Part-Time Director of Operations

Leveraging the Interim Executive Model

We never know from one day to the next when contacted by clients what their situation will be and which combination of resources and expertise they will need. Though many businesses share a number of underlying principles about how they run and how they are successful, each company is unique. They differ in any number of ways: where they are in their lifecycles, how they were founded and by whom, what has spurred growth, the leadership team, the culture, the challenges, and what type of expertise is needed at this point. 

At Cerius, we have been working with companies for more than a decade to find the right interim executive at the right time to help organizations fill their exact needs.

Organizations can leverage the expertise of an interim executive to get what they need in flexible, affordable ways. To offer just a few ideas, the following four chapters offer rare views inside a number of companies and show how they leveraged interim executives to bring them success through part-time and interim placements in small, midsized, and Fortune 100 situations. 

Part-Time Executives: Making an Enormous Impact in Less than Forty Hours Per Week

Part-Time Director of Operations: Operations Can Make or Break Any Company

Jim is a serial entrepreneur who owns several companies; he became concerned that one of his companies in the retail distribution business was not making enough profit to sustain the business. It had grown to $200 million in revenue over a relatively short period of time, and yet no employee could figure out how to fix ongoing operational issues that were plaguing his business. They were too close and couldn’t really see the forest for the trees. 

Jim recognized the need for additional resources to help improve the company’s operational performance. Fortunately, he didn’t have to look far for how to improve the situation. 

During the previous ten years, Jim had used interim and part-time executives on various occasions to solve issues ranging from human resources challenges to due diligence during acquisitions. He had operational leadership personnel in place but knew they didn’t have all of the tools and skills they needed to identify and close the gap. Rather than hiring someone to come in above or to replace his current team, he engaged a part-time director of operations: Brian. 

The first issues to be addressed: reduce increasing costs and increase accountability—two items that are likely on every business owner’s wish list. 

Brian quickly got to work with a network- and supply-chain analysis. Working a few days a week, Brian laid out a plan based on the analysis and leveraged the existing team to accomplish a number of goals over the next year. He started by halving the number of warehouses while still meeting the two-day shipping commitment to customers. He provided the team and the owner with increased visibility into the operation’s activities through weekly reports on key performance indicators (KPIs) and worked closely with the finance team on the monthly budget versus actual reporting.

Improving reporting was challenging at first due to the arduous nature of obtaining information and closing the books each month. Brian knew it was time for the company to also step up its technology.
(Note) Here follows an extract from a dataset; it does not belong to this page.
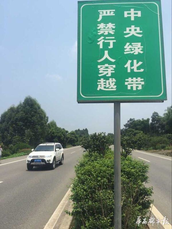 7月11日中午,华西都市报记者驾车从S106线535公里处出发,往丹棱方向行驶。车辆驶出不到2公里,道路中间的绿化带就多次出现标识标牌,提示行人不要穿越绿化带。
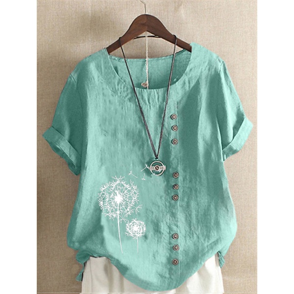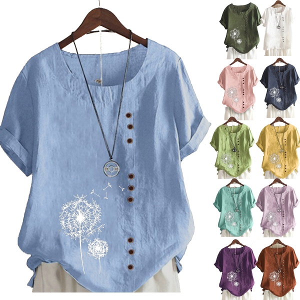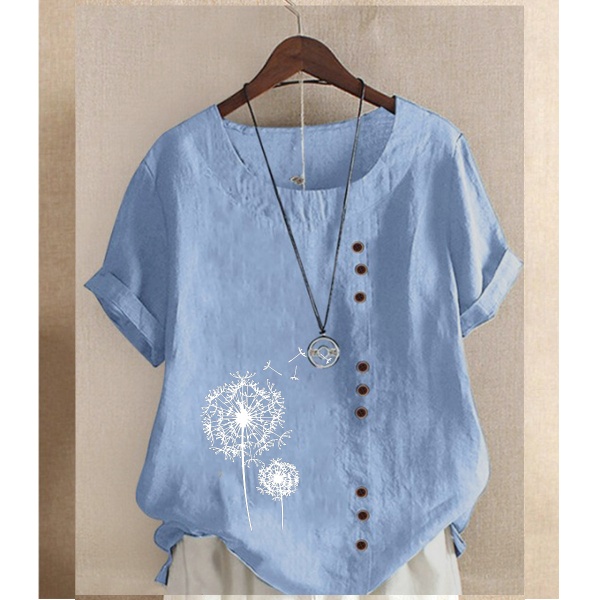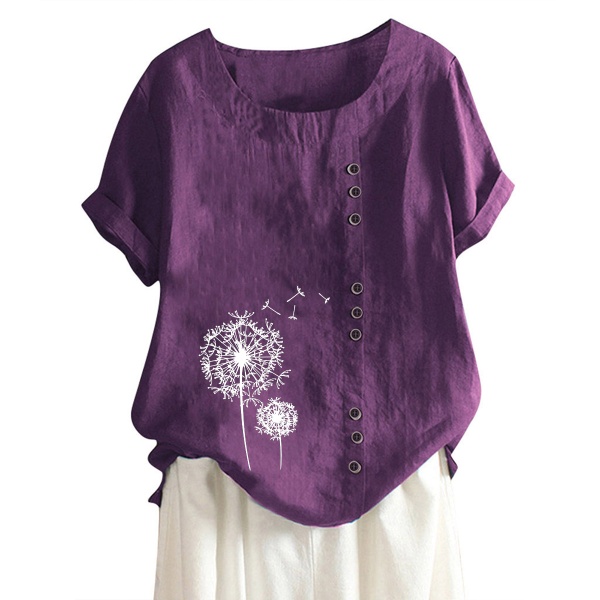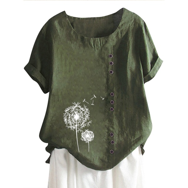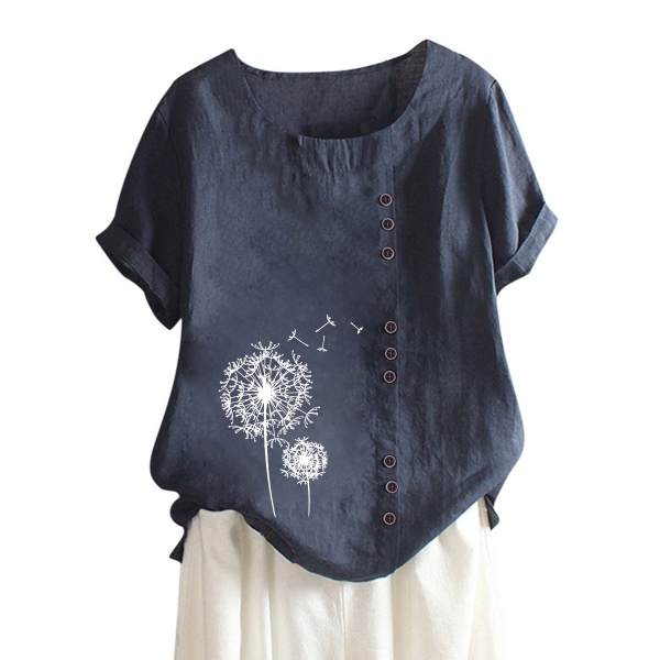 欧美外贸女装亚马逊纽扣短袖印花休闲街头装 圆领常规棉麻上衣T恤

From prior experiences, he was intimately familiar with enterprise resource planning (ERP) implementations and led the team through a warehouse management system (WMS) selection and execution, increasing efficiency and capturing more timely and accurate performance data. 
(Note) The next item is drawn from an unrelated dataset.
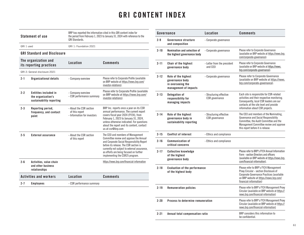 GRI内容指数BRP已报告此GRI内容指数中引用的信息,用于治理位置评论2023年2月1日至2024年1月31日期间的使用GRI标准声明。2-9治理结构-公司治理和组成GRI 1使用了GRI 1:Foundation 2021 2-10提名和遴选-公司治理请参阅公司治理GRI标准和披露(可在BRP网站https://news.brp.最高治理机构com/corporate-governance上查阅)。组织机构和地点评论请参阅公司治理2-11最高主席-总裁的信其报告做法(可在BRP网站https://news.和首席执行官治理机构brp.com/corporate-governance上查阅)。GRI 2:一般披露2021请参阅公司治理2-12最高角色-公司治理请参阅公司简介(可查阅2-1组织详情-公司概览(可在BRP网站https://news上查阅。在监督投资者关系方面,治理机构可在BRP网站https://news.brp.com/brp.com/corporate-governance上查阅)。影响的管理请参阅公司简介(可查阅2-2包括在-公司概览中的实体每个站点负责CSR相关的2-13授权-结构在BRP网站https://news.brp.com/上有效-CSR绩效总结组织的活动及其各自的监测。CSR治理投资者-关系)。可持续发展报告的责任因此,当地的CSR负责人是我们在现场级别管理影响联系人,并每年提供一次关于其CSR项目的CSR信息的BRP Inc.报告。2-3报告期,-关于CSR版块年度业绩。本报告当前报告频率,并联系首席执行官和提名成员,2-14角色最高-结构有效涵盖2024财年(FY24),从-信息投资者点治理和社会责任CSR治理2023年2月1日至2024年1月31日,治理机构在委员会、审计委员会和除非另有说明。有关可持续发展报告管理委员会审查和批准有关报告及其内容的问题,请在报告发布前与本报告联系。我们在csr@brp.com 2-15利益冲突-道德和合规CEO和管理层成员2-5外部保证-关于CSR部门委员会审查和批准本报告的年度2-16沟通-道德和合规以及企业社会责任报告发布前的关键关注事项。CSR部分目前不接受外部保证,2-17集体知识请参阅BRP的FY24年度信息,因为工作重点是进一步实施CSR25计划的最高层的表格部门董事和高级职员。(可在BRP网站https://news.brp.治理机构https://news.brp.com/financial-information com/financial-information查阅)。2-6项活动,价值链及其他业务请参阅BRP FY24管理层2-18评估业绩关系代理通函-披露最高机构企业管治实务(可用活动和工人所处位置评论丨BRP网站https://news.brp.com/financial-information)2-7员工-CSR绩效摘要请参阅BRP的FY24管理层代理2-19薪酬政策通告(可在BRP网站https://news.brp.com/financial-information查阅)请参阅BRP的FY24管理层代理2-20流程确定薪酬通告(可在BRP网站https://news.brp.com/financial-information查阅)2-21年度总薪酬比率BRP认为此信息属机密。61

With all of the newly available data and analysis tools, Brian was then able to implement a system with suppliers to reduce external spending. Freight cost alone was reduced by 80 percent through renegotiations, reduced services charges, and changes to customer freight charges. 
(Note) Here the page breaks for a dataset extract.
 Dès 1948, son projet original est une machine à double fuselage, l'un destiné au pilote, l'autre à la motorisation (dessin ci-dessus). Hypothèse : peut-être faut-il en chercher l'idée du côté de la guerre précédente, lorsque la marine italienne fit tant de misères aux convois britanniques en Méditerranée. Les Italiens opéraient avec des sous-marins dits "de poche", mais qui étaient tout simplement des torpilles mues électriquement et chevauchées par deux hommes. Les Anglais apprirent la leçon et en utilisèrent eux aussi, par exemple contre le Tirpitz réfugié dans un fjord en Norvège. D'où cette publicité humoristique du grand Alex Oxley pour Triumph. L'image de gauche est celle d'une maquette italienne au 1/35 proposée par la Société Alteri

During the interim assignment period of about eighteen months, Brian accomplished a 40 percent improvement to Jim’s troubled organization’s EBITDA while also improving customer wait times at will-call by 75 percent, simultaneously reducing the number of warehouses the company operated and maintaining a two-day shipping commitment to customers. The implementation of a WMS provided increased efficiency and the ability to capture performance data by employees. 

There is a saying that certainly proved true in this situation: “What gets measured gets managed: What gets managed gets improved.” 

Lesson Learned: Part-Time Director of Operations

The right part-time executive can provide more than full-time results. KPIs are often spoken about, but rarely correctly tracked and acted upon. Brian set up weekly KPIs and monthly financial reporting and trained the internal team on how to use them.

When Brian completed the assignment, the internal team had acquired both the tools and the cultural mindset to be customer-focused and to strive for continual improvement.